I use the VM to replicate actually all the data to a another server. So with snapshots and sending over those snapshots. This is what i would prefer to do, to use the ZFS features and not a sync program for example. But then I need a baseline snapshot to send from one to the other. In other words suppose you have a dataset with books, you need to keep all your books on VM1 and SERVER1. Now I think about it, it's not really true, i could also just create a dataset: small-list-of-books-from-vm, make sure the list is small. Send it over to the server and then from there move the books to from small-list-of-books-from-vm to the big-list-of-all-books. Throw them away on the VM and sync again, then the small-list is both on VM and server empty, waiting for new books. Then my VM will become smaller and I could setup mirroring for the data pool. I am not 100% sure but even if the datapool is on the same physical machine, i think the chance is still higher to recover from the host crash in a VM when there is a mirror.

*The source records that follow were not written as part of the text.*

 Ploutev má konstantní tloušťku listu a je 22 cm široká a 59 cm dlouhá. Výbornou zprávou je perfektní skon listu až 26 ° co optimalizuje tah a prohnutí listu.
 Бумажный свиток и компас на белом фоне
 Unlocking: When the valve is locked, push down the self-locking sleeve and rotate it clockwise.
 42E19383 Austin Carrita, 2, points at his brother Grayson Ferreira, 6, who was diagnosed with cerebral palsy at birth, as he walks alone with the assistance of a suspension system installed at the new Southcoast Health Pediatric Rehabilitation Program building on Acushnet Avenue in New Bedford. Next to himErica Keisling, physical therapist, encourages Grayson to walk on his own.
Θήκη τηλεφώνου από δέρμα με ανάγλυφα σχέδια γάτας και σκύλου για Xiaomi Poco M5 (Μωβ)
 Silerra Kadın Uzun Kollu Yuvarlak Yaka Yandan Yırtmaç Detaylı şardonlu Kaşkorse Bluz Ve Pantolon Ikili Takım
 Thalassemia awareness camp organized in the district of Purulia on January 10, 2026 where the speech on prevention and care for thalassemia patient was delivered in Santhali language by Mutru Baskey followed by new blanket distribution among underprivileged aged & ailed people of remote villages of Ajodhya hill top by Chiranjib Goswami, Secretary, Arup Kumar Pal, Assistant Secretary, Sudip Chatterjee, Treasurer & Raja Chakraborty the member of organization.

I have no space on the machine, so I am going to start another pc to move the virtual-box files to. Then there I can with a backup try the -X option. Just to try to get back some files if possible.

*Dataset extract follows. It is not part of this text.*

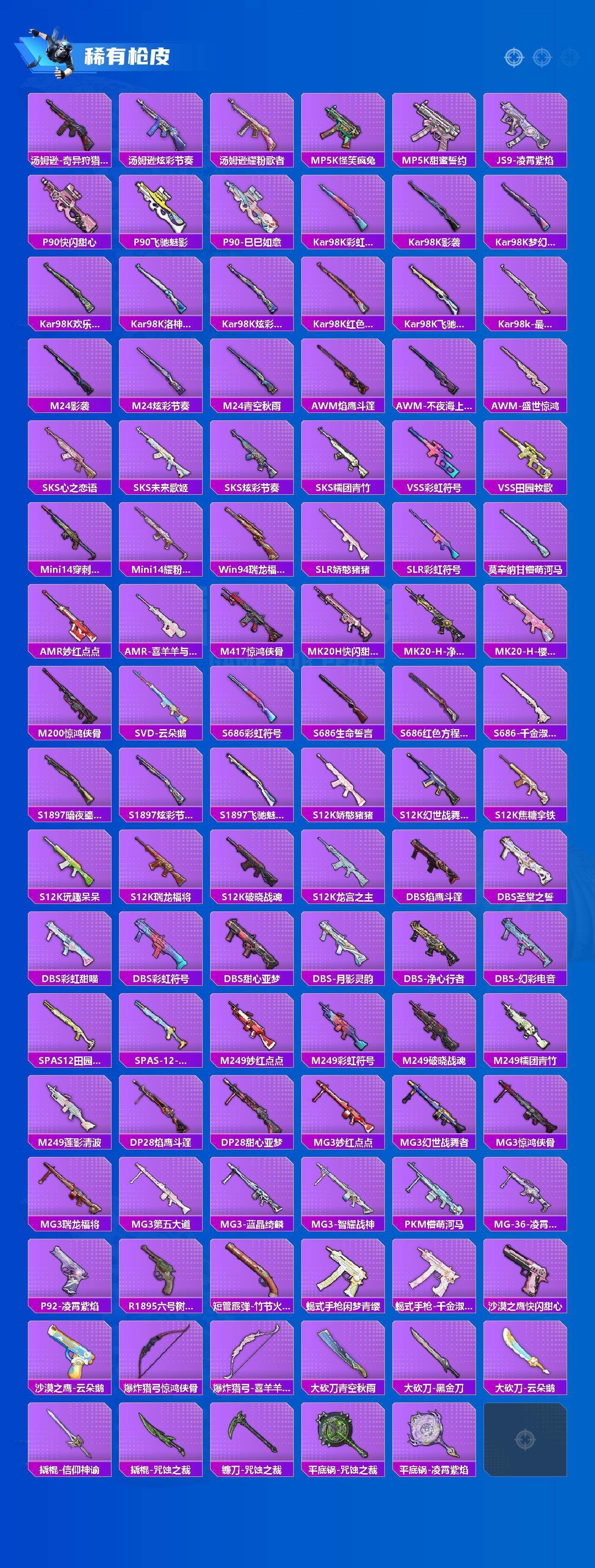 【粉色枪皮等级】:SCAR-L-魔童闹海 哪吒(三级),AUG-许七安(五级),M762-青锋波束(五级),蜜獾-异瞳寒姬(四级),P90-金丰海韵(七级),P90-魔童闹海 敖丙(三级),Kar98K-巳巳如意(五级),AMR-智耀战神(七级),M249-彩虹甜喵(七级),DP-28-千金淑猫(四级),DP-28-豹影疾电(五级),MG-36-沧焰双生(五级),平底锅-喜羊羊与灰太狼(二级)
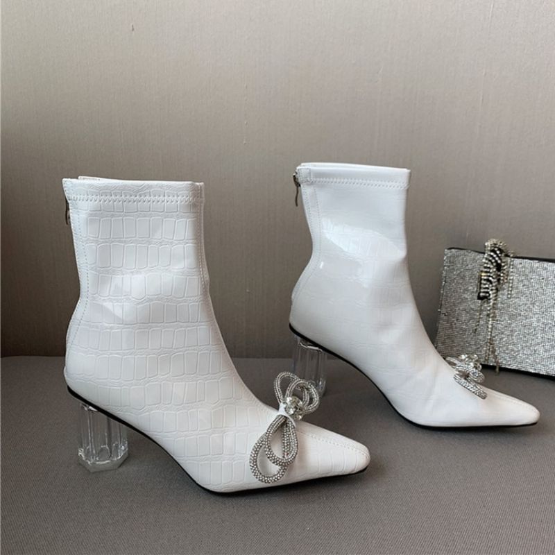 Ryg Lynlås Chunky Hæl Spidse Tå Bue Ankelstøvler

The more problems the more you learn :)
 
Update:
- The following command works from single boot modus when having decrypted the geli disk:

zpool import -F -X -o readonly=on zroot


But then everything readonly.

So how to get some of the data out of ZFS?
It should be possible to do it with zdb -B

I did following steps:
  1. Export the pool again:
    zpool export zroot
  2. Setup a ip in same subnet as the machine you want to send you data to:
    ifconfig em1 inet 192.168.129.4 netmask 255.255.255.0
  3. It should be possible to send the data to another machine but I get an error, I do something wrong:
    zdb -B zroot/media -e | ssh root@192.168.129.5 "zdb -R zroot/media"
I am curious to get it working, to see how the data will look like.
 
Update:
- The following command works from single boot modus when having decrypted the geli disk:


zpool import -F -X -o readonly=on zroot




I did following steps:
  1. Export the pool again:
    zpool export zroot
  2. Setup a ip in same subnet as the machine you want to send you data to:
    ifconfig em1 inet 192.168.129.4 netmask 255.255.255.0
  3. First I have to get the object id
    zdb -d zroot/media/book -e
  4. Then I can copy it to another machine:
    zdb -B zroot/115478 -e | ssh root@192.168.129.5 "cat > /zroot/test.snap"
But now I want to try it with zdb -R :
-R, --read-block=poolname vdev:eek:ffset:[lsize/]psize[:flags]Read and display a block from the specified device. By default the block is displayed as a hex dump, but see the description of the r flag, below.
The block is specified in terms of a colon-separated tuple vdev (an integer vdev identifier) offset (the offset within the vdev) size (the physical size, or logical size / physical size) of the block to read and, optionally, flags (a set of flags, described below).

So next steps are:
  1. What is my vdev identifier? How to get somewhere?
  2. Offset within the vdev?
  3. psize: physical size of a block
Thinking...
 
It should be possible to send the data to another machine but I get an error, I do something wrong:
zdb -B zroot/media -e | ssh root@192.168.129.5 "zdb -R zroot/media"
OpenZFS 2.2, zdb -R ... :
Code:
-R, --read-block=poolname vdev:offset:[lsize/]psize[:flags]
    Read and display a block from the specified device. 
    By default the block is displayed as a hex dump, but see the description of the r flag, below.
zdb -R tries tries to read from a block device; the quoted command tries to read it from a serialized stream: zdb -B: "Generate a backup stream, similar to zfs send [...]".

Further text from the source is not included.